In the day they worriedly watched us drive away together, but they felt protected by the light, convinced things would remain above board as long as we had a stark overcast sky above us. And things did. When night fell they sat firmly in their chairs, next to us, past the time they usually went to bed, waiting for us to part ways for the night. I felt guilty. I looked down at the floor more, though I hadn’t done anything wrong. The atmosphere in there made me think that I had, or was about to, like I was being pushed off a gangplank.
Our friendship might be too precious to disrupt, but the pain of not disrupting it is intolerable. Still, somehow, I am tolerating it. I wish humans could be more resilient. That not sex but something more noble, like work, was man’s preferred downfall. But it’s that simplistic game, the not-knowing, the gentle shifts in your behavior from brotherly to affectionate to sexual to completely unreadable, that I like best. Eleven years ago I walked through a parking lot in winter thinking of you, and moments later you appeared, sitting in the passenger seat of your father’s car. I could have been with you, could have spent the holidays with you, but instead I cowered in my own house, not telling anyone I was around, and thought of you the entire time.
That day you looked up from the seat of the car quizzically, and you seemed so small and so far away. So young, mostly. Then, the friendship was too delicate to even touch, let alone add to. I was too afraid to even be in your presence. I think I knew better then, because now I’m not afraid. I will plow ahead with all the actions you suggest we make, replicate all the gestures you make, try to reflect back the same warmth that I see on your face. It’s very difficult, someone said to me the other day, for men and women to just be friends without becoming closer and closer. Those words haunt me.
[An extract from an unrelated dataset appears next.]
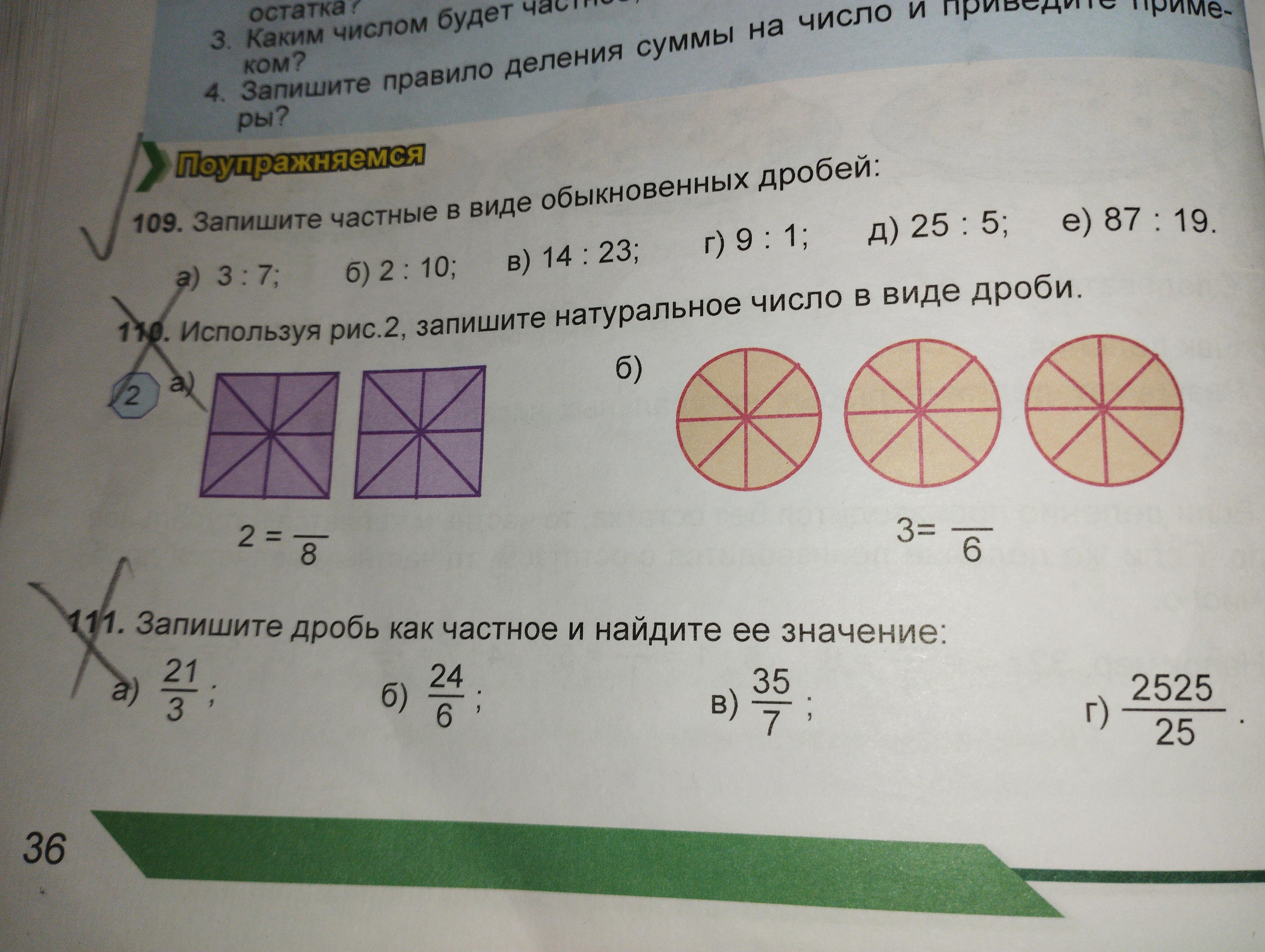 111 номер: а)21/3=7 б)24/6=4 в)35/7=5 г)2525/25=101

They worry, but look at all the time you’ve been given to be responsible. You’re only just beginning your life, they think, and here I am dangling some distraction in front of you. But you’re old. So am I. And I want to scream at them that it’s your fault. You’re the bad one, the distracting one, the one looking for any out. I guess we’re a team in that.
But we’re not a real team if we can’t do anything together except daydream, run away, play with each other’s emotions, and complain about all the things we’re trying so hard to push out of view. Some animal in me thinks that you’re enough to go on. That none of the other things in the vista matter. But they do matter, if only in the sense that they are the currency with which I could eventually earn you. I’ve already earned your friendship, but anything more will have to be fought for. In 20 more years, I fear – or is it hope? – that somewhere in me the fight will still be going on, no matter what else is.